An economist with Bank of America is warning that the Fed wants a recession—and that it is prepared to go as far as it needs to succeed, even at a high cost.
Key Details
- In a Wednesday interview with CNBC, Bank of America economist Ethan Harris warned that the Federal Reserve is willing to push the U.S. economy as far as it needs to in its fight to get inflation under control, Insider notes.
- “They told us they want a weak economy. I think that’s a very friendly way of saying you want a recession. The fact that the signals that a recession is coming isn’t going to stop the Fed,” says Harris.
- Inflation rates peaked in 2022, with a high of 9.1% in June. The Fed promised a bullish response to return inflation below 2%, hiking interest rates seven times to 4% to 4.25% by December.
- Fed Chair Jerome Powell has openly acknowledged that the Fed expects a rise in unemployment and a possible recession but would prefer those adverse effects to that of entrenched high inflation.
Why It’s Important
The Fed has made its intentions to continue hiking interest rates clear. While some cooling inflation rates in November resulted in a lower hike in December, the Fed says it may raise interest rates above 5% in 2023 until it begins seeing results.
As we previously reported, early results don’t appear to be promising. Harris responded to the minutes from the Fed’s December meeting released on Wednesday, noting that the Fed will continue pushing until the market takes its decisive actions seriously. He notes that the market hasn’t reacted with the belief that the Fed will hold to its current trajectory but warns that it likely won’t back down.
“Markets don’t believe the Fed’s serious about fighting inflation.
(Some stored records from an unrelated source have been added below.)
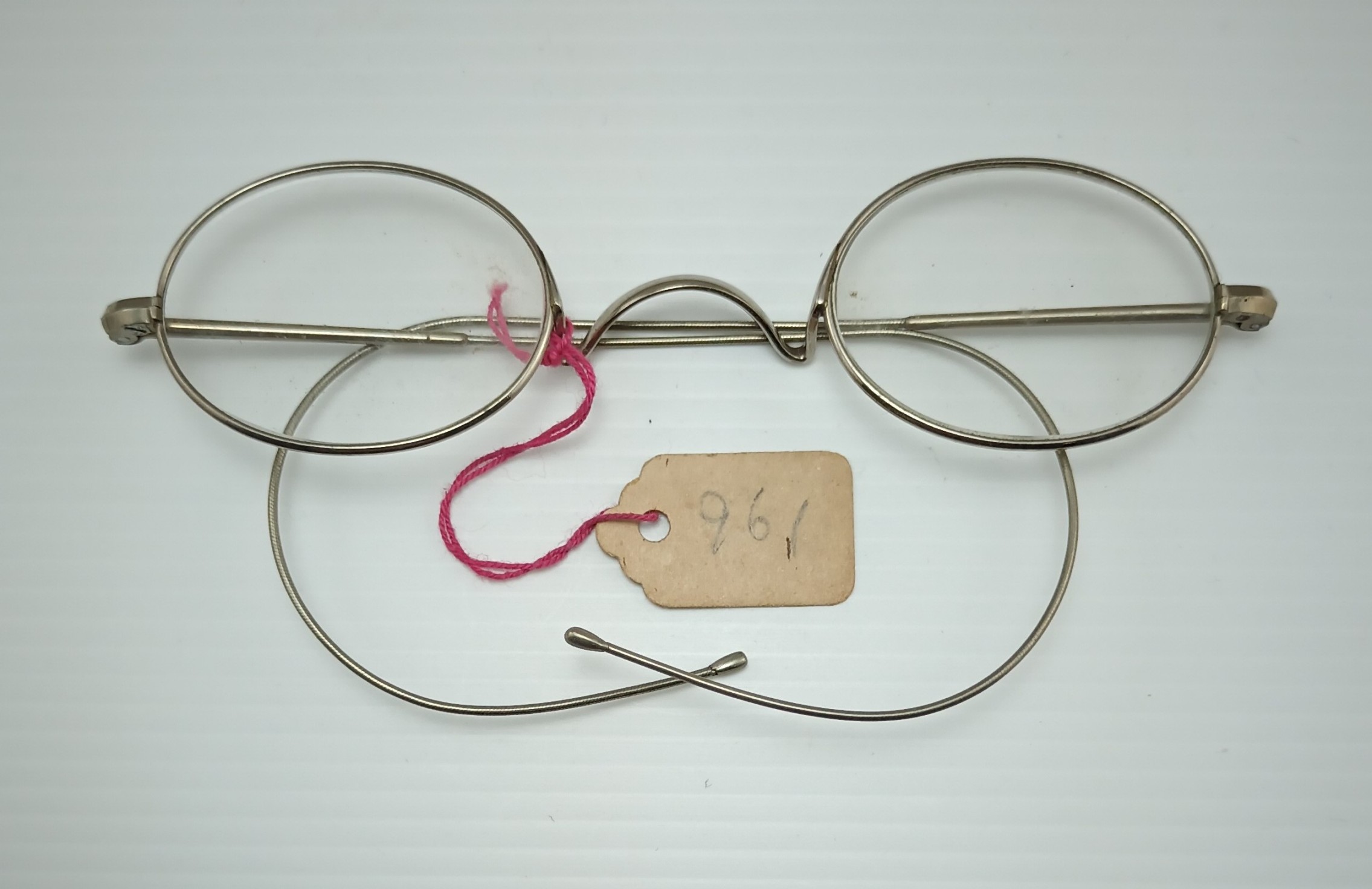 | Catalogue Number: 4567 Silver oval eye spectacles with curl sides and 'W' bridge Category: Spectacles and lenses Sub-Category: Spectacles (with lenses) Year Of Publication/Manufacture: c1910 Time Period: 1900 to 1939 Description Of Item: Silver coloured oval eye spectacles with curl sides and 'W' bridge. Lens powers: +1.00 DS R&L. Small buff swing tag on red cotton labelled by hand 'R & L +1' on one side, and '961' or '196' on the other. Dimensions:113 x 57mm. Historical Significance: From the practice of John Garratt, grandfather of the donor How Acquired: Donated by John Boxshall Date Acquired: 2.06.2025 Condition: Very good Location: Documents Room Orange Daytona Cabinet Drawer 4 |
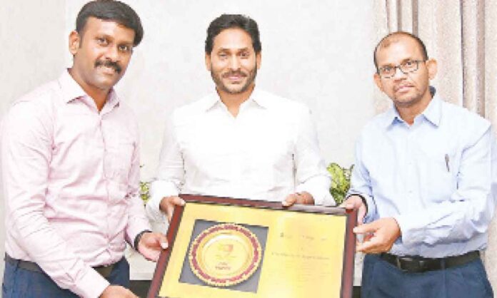 Vijayawada: Andhra Pradesh received national level award for implementation of YSR Free Crop Insurance Scheme. The officials, including special chief secretary of agriculture Gopal Krishna Dwivedi and special commissioner Harikiran met Chief Minister Y S Jagan Mohan Reddy at camp office here on Friday and showed the award presented by the Government of India.
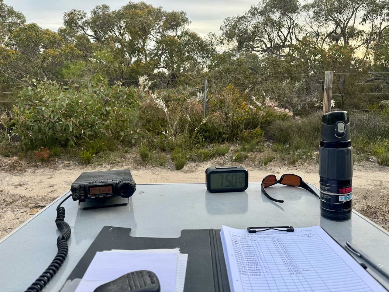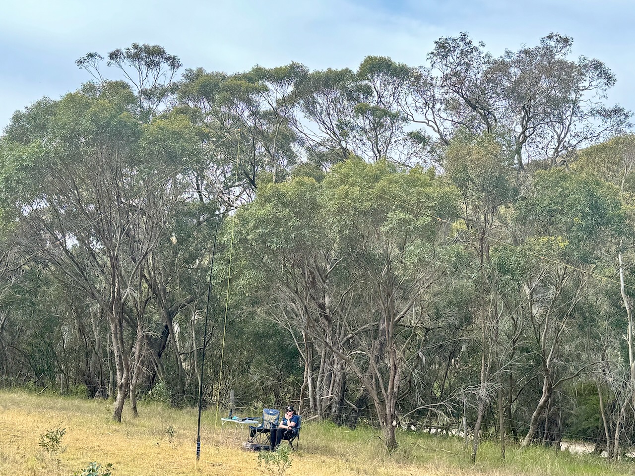 We set up in a clearing amongst the scrub and ran the Yaesu FT857, 40 watts, and the 20/40/80m linked dipole.
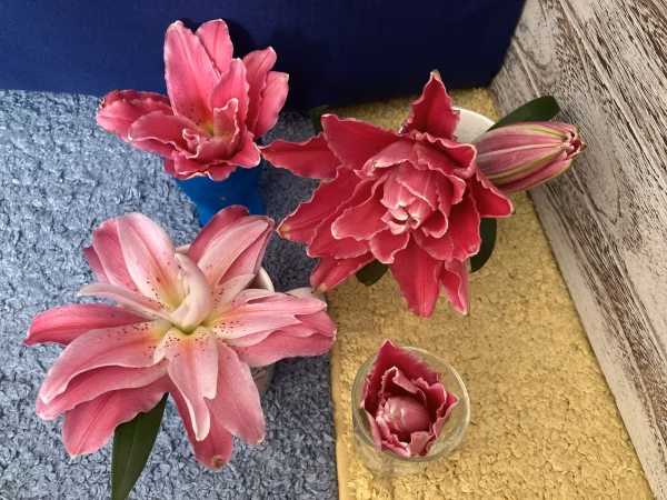 大きな花器がなくても、工夫すればご自宅の食器でも充分活けられます。つぼみの状態でお届けしますので、開花までの変化、花が咲いた時の美しさや香りをどうぞお楽しみください。
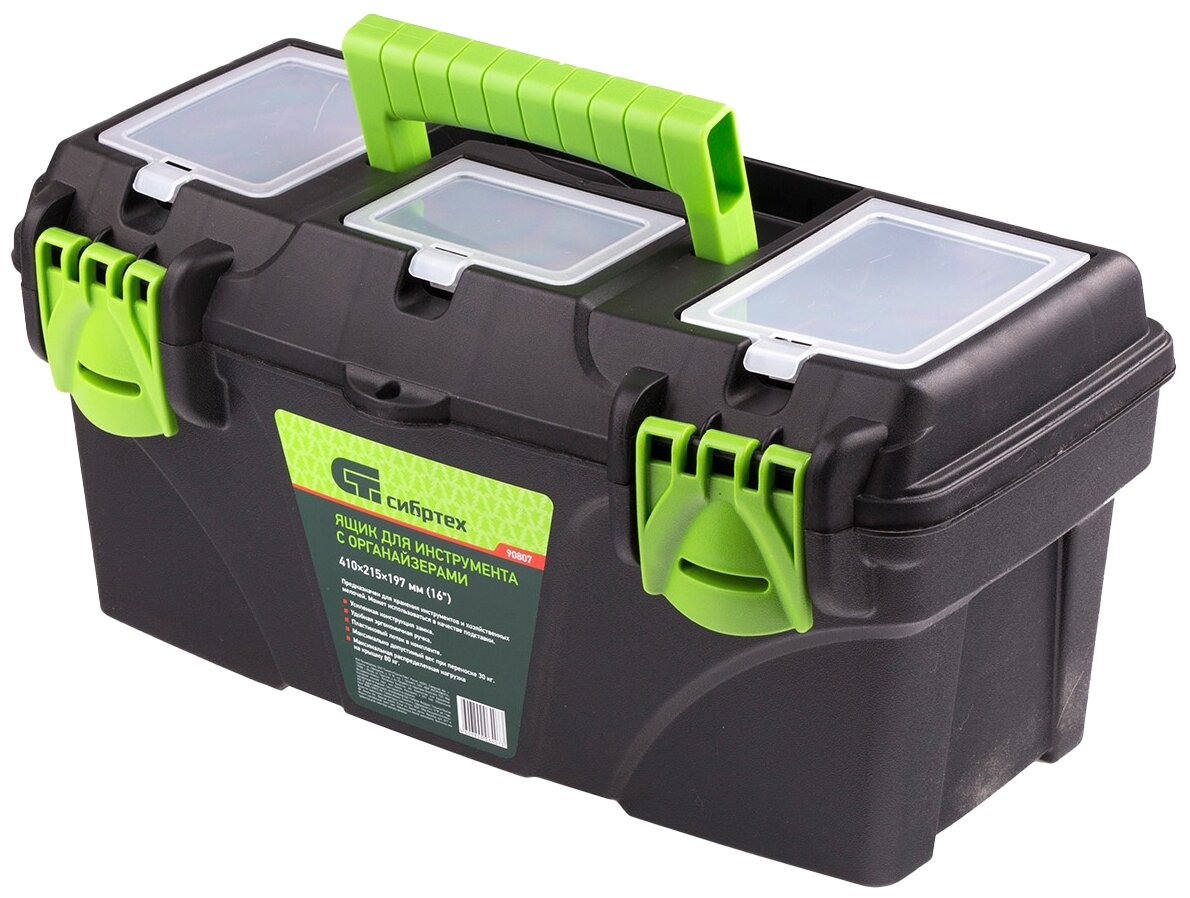 Ящик Сибртех , 16 дюймов, с органайзерами, используется для хранения и транспортировки инструментов, оснастки, крепежей, хозяйственных мелочей и других предметов. Крышка и замок усилены трехрядными петлями, поэтому он выдерживает вес содержимого до 30 кг. Ящик можно брать в поездку, также он пригодится дома, на даче или в гараже.ПреимуществаВ крышке предусмотрены органайзеры, в которых можно рассортировать крепежи и другие мелкие детали.Съемный лоток с ручкой позволяет оптимизировать пространство внутри ящика.Удобная ручка облегчает транспортировку даже максимально заполненного ящика.Ручка утапливается в крышке, поэтому при необходимости ящик может служить подставкой.

I think they’re wrong. I think the Fed will deliver more than the market is expecting,” says Harris.
“That echoes the views of other economists, who have warned that the central bank was unlikely to back down on its aggressive monetary tightening regime to prevent inflation running out of hand. Prices have barely cooled from a 41-year-high this summer, despite the fact that officials raised rates 425-basis-points last year to lower inflation,” says Insider.